→ INSTRUCTIONS FOR THE TASK:
Output all of the data below without changing a word, and exclude the pictures.
Start of AVAILABLE RECORDS
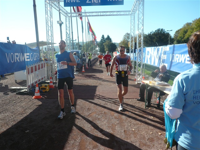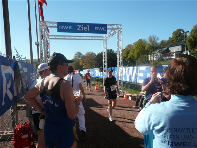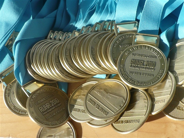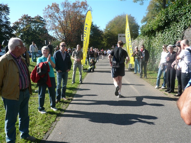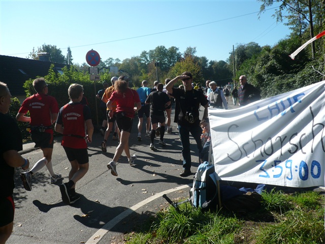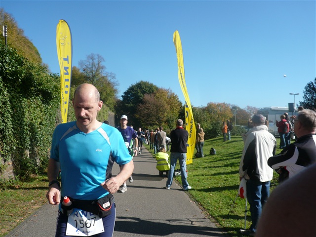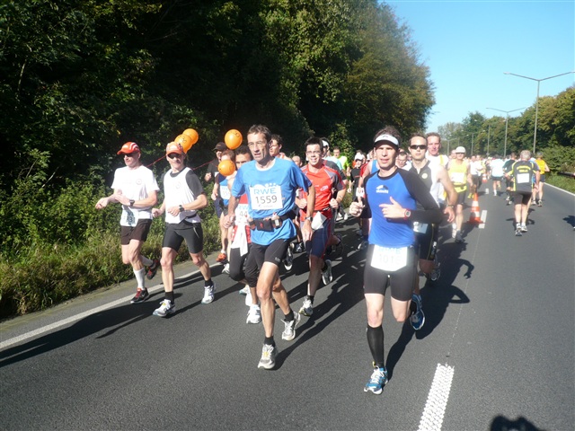 Wieder bin ich gerade im Pulk der 4 Stunden-Läufer unterwegs, was gar nicht nach meinem Geschmack ist, denn da gibt’s immer so ein Gedrängel an den Verpflegungsstellen. Ich setze mich daher etwas ab, um einen ausreichenden Vorsprung zu gewinnen. Ebenfalls nicht ganz nach dem Geschmack ist auch die Zahl der Teilnehmer für den Veranstalter. 1.441 Einzelstarter hatten sich vorangemeldet, im Vorjahr waren es 1.612 und 3.000 hätte man gerne. Nicht schlecht, aber weniger als erhofft, so Stefan Losch, 1. Vorsitzender der Tusem-Leichtathletik-Abteilung. Daß es weniger Läufer als im Vorjahr sind, liegt wohl auch daran, daß der 2009er Lauf gleichzeitig als Westdeutsche Meisterschaft ausgetragen wurde. „Wir hatten uns aber erhofft, dass durch das Kulturhauptstadt-Jahr mehr Menschen angelockt würden“, sagt Losch. Zwar sind in diesem Jahr mehr ausländische Teilnehmer am Start, im Ziel waren allerdings lediglich 1.250 (davon 203 Frauen) und damit erheblich weniger als im letzten Jahr. Und das trotz etlicher Nachmeldungen, wie ich beobachten konnte. Na, wenigstens mit der Zahl der Staffeln (176) hatte man die Kapazitätsgrenze von 200 im Visier.
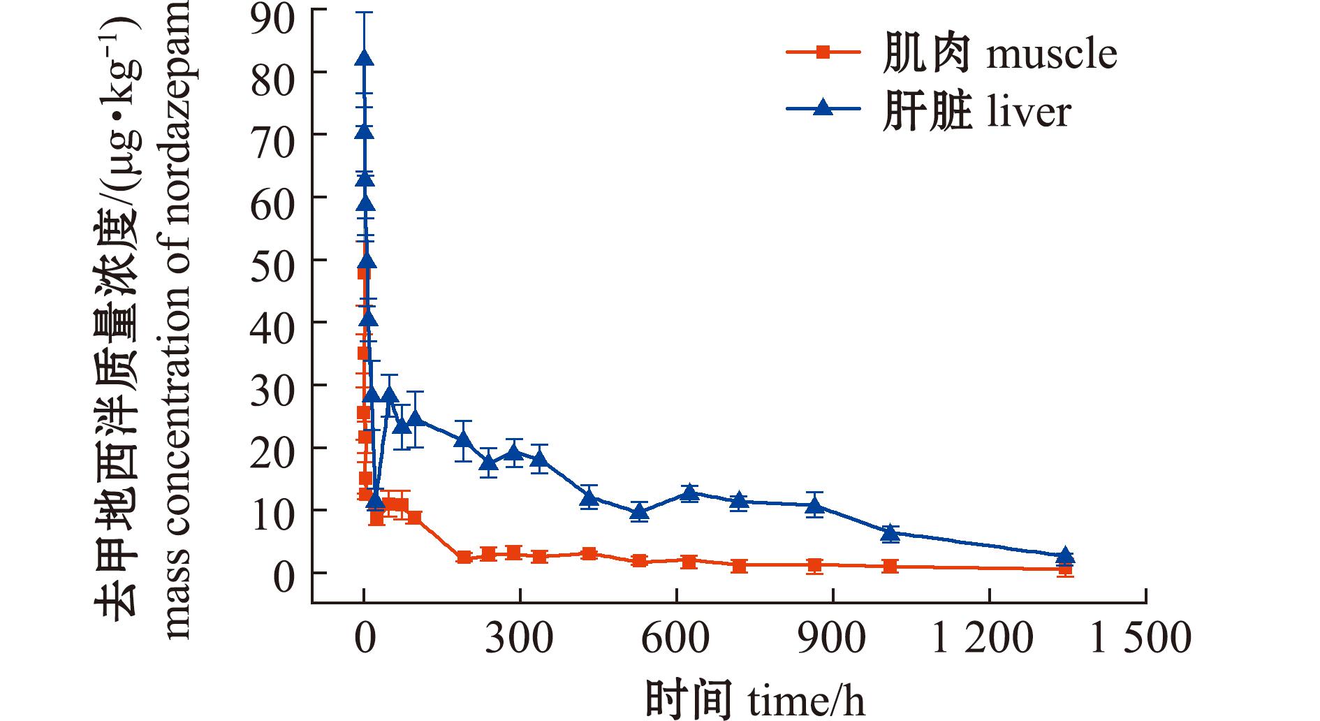 去甲基地西泮在肌肉、血浆和肝脏的Cmax分别为(47.70±5.14)、(28.40±4.21)、(81.90±7.60)μg/kg,其中,血浆和肝脏Tmax与母体药物同步为0 h,而肌肉存在0.5 h滞后。消除过程各组织前16 h呈快速衰减,此后在低浓度水平缓慢消除,血浆在192 h后低于检测限。肝脏消除曲线呈现显著波动特征,可能与相关酶活性节律相关。
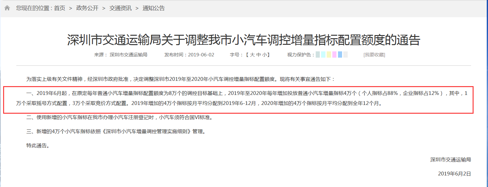 6月2日,深圳市交通運輸局發(fā)布了關于調整我市小汽車調控增量指標配置額度的通告
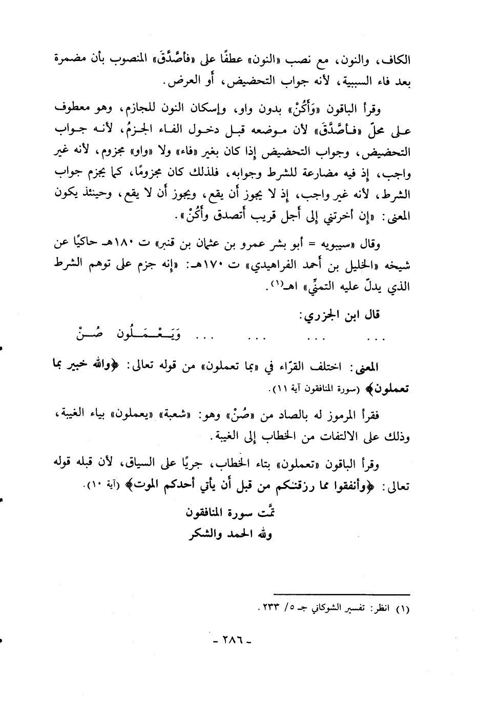تمّت سورة المنافقون ولله الحمد والشكر
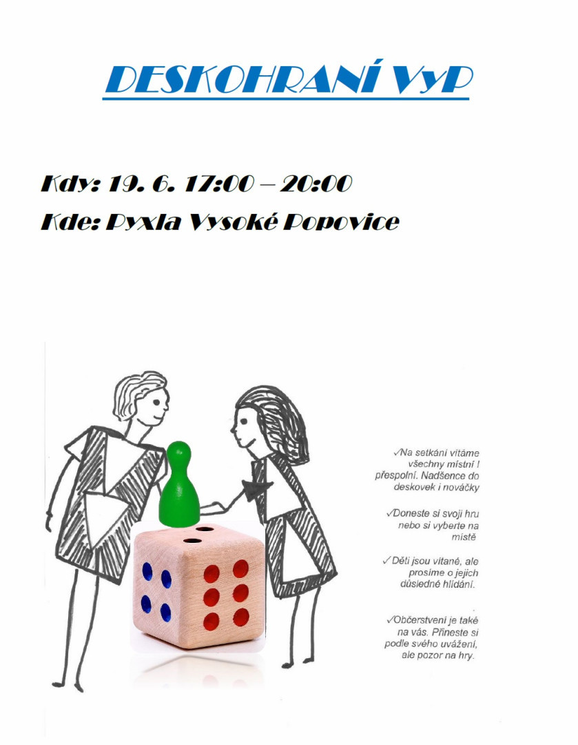 Přijďte si s námi zahrát deskové hry. Budeme se na vás těšit 19. 6. od 17 hodin v Pyxle.
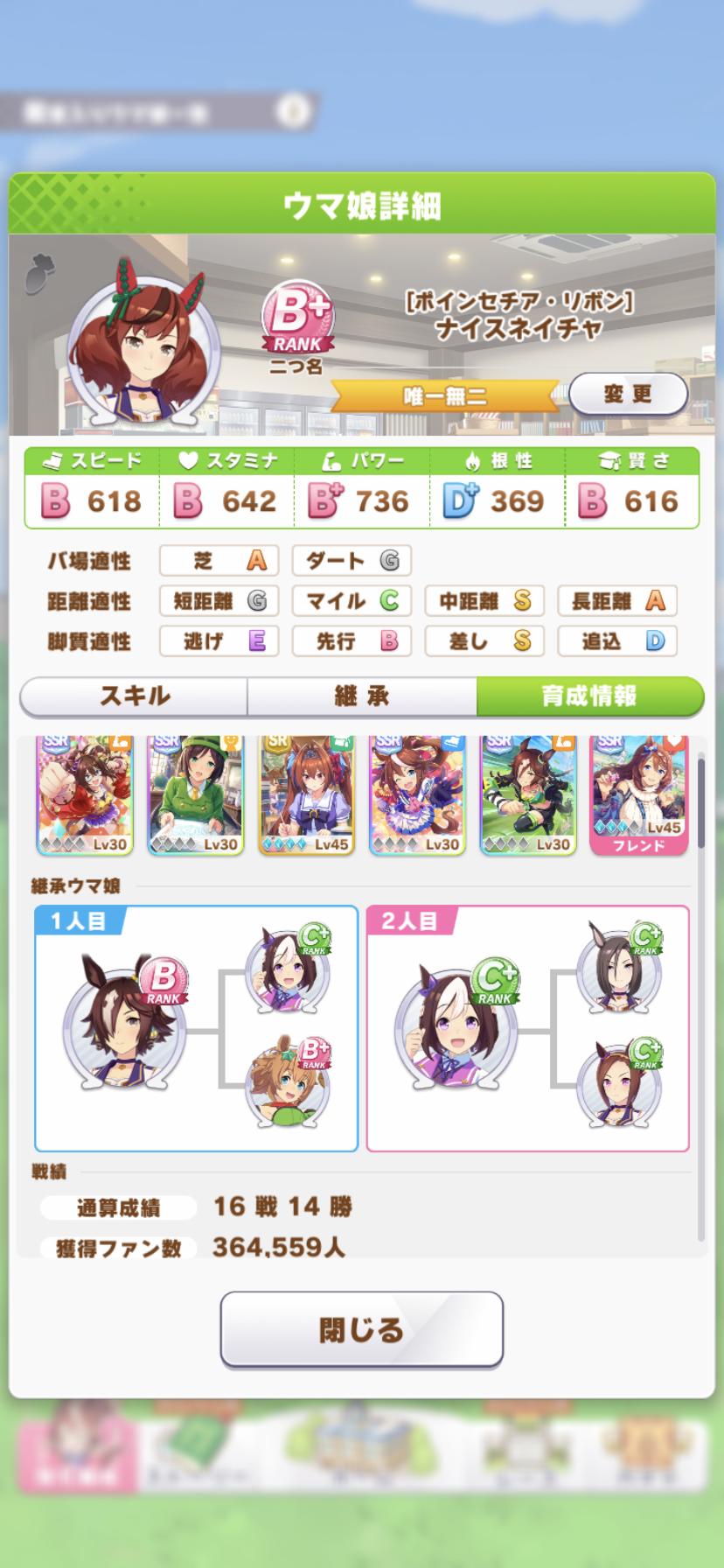 もしかしたら青因子はパラメータで抽選かかって良いステータスのとこの数値で星の数が増える確率上がってるとかもあるかもしれんけど、スピードSS+がいまんとこ5人スピード引いて星1が4人星2が1人やからワイはその説否定したいな
End of AVAILABLE RECORDS
→ ANSWER SECTION:
 Wieder bin ich gerade im Pulk der 4 Stunden-Läufer unterwegs, was gar nicht nach meinem Geschmack ist, denn da gibt’s immer so ein Gedrängel an den Verpflegungsstellen. Ich setze mich daher etwas ab, um einen ausreichenden Vorsprung zu gewinnen. Ebenfalls nicht ganz nach dem Geschmack ist auch die Zahl der Teilnehmer für den Veranstalter. 1.441 Einzelstarter hatten sich vorangemeldet, im Vorjahr waren es 1.612 und 3.000 hätte man gerne. Nicht schlecht, aber weniger als erhofft, so Stefan Losch, 1. Vorsitzender der Tusem-Leichtathletik-Abteilung. Daß es weniger Läufer als im Vorjahr sind, liegt wohl auch daran, daß der 2009er Lauf gleichzeitig als Westdeutsche Meisterschaft ausgetragen wurde. „Wir hatten uns aber erhofft, dass durch das Kulturhauptstadt-Jahr mehr Menschen angelockt würden“, sagt Losch. Zwar sind in diesem Jahr mehr ausländische Teilnehmer am Start, im Ziel waren allerdings lediglich 1.250 (davon 203 Frauen) und damit erheblich weniger als im letzten Jahr. Und das trotz etlicher Nachmeldungen, wie ich beobachten konnte. Na, wenigstens mit der Zahl der Staffeln (176) hatte man die Kapazitätsgrenze von 200 im Visier.
 去甲基地西泮在肌肉、血浆和肝脏的Cmax分别为(47.70±5.14)、(28.40±4.21)、(81.90±7.60)μg/kg,其中,血浆和肝脏Tmax与母体药物同步为0 h,而肌肉存在0.5 h滞后。消除过程各组织前16 h呈快速衰减,此后在低浓度水平缓慢消除,血浆在192 h后低于检测限。肝脏消除曲线呈现显著波动特征,可能与相关酶活性节律相关。
 6月2日,深圳市交通運輸局發(fā)布了關于調整我市小汽車調控增量指標配置額度的通告
تمّت سورة المنافقون ولله الحمد والشكر
 Přijďte si s námi zahrát deskové hry. Budeme se na vás těšit 19. 6. od 17 hodin v Pyxle.
 もしかしたら青因子はパラメータで抽選かかって良いステータスのとこの数値で星の数が増える確率上がってるとかもあるかもしれんけど、スピードSS+がいまんとこ5人スピード引いて星1が4人星2が1人やからワイはその説否定したいな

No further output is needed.